CF 1600E - Array Game

We are given an array of numbers laid out in a line. Two players alternate turns, starting with Alice. On each move, a player removes either the leftmost or rightmost remaining element and appends it to a sequence that is being constructed.

codeforcescompetitive-programminggamesgreedytwo-pointers

CF 1600E - Array Game

Rating: 1900
Tags: games, greedy, two pointers
Solve time: 1m 34s
Verified: yes

Solution

Problem Understanding

We are given an array of numbers laid out in a line. Two players alternate turns, starting with Alice. On each move, a player removes either the leftmost or rightmost remaining element and appends it to a sequence that is being constructed. The only restriction is that the resulting sequence must stay strictly increasing after every move. The player who makes the last valid move wins.

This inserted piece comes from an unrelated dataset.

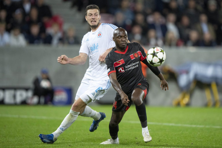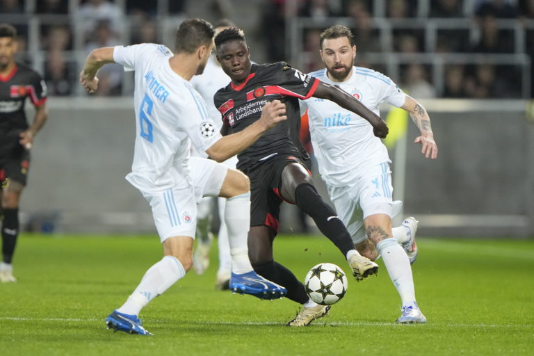 Ousmane Diao )FC Midtjylland) v hlavičkovom súboji s hráčmi Slovana Bratislava v úvodnom zápase play-off o účasť v hlavnej fáze Ligy majstrov 2024/2025. Herning, 21. august 2024. Foto: Bo Amstrup/Ritzau Scanpix via AP.

The game is not about maximizing a score but about survival under a monotonic constraint. Every choice removes one endpoint and tightens what future moves are allowed, because the next picked value must be strictly larger than everything chosen so far.

The constraint $N \le 2 \cdot 10^5$ immediately rules out any state-space exploration. A naive game tree has branching factor 2 and depth up to $N$, leading to $2^N$ states, which is completely infeasible. Even memoized dynamic programming over intervals with state tracking of last picked value is problematic because the last value is not small and depends on history in a continuous range.

A few small edge cases already hint at structure:

If all elements are equal, for example $A = [5, 5, 5]$, only one move is possible because after picking 5, no further strictly larger element exists. The game ends immediately after the first move, so Alice wins.

If the array is strictly increasing, say $A = [1,2,3,4]$, every move is forced to pick from the left or right, but any choice is valid since both ends always maintain increasing order. The game becomes purely about parity of remaining moves, not strategy.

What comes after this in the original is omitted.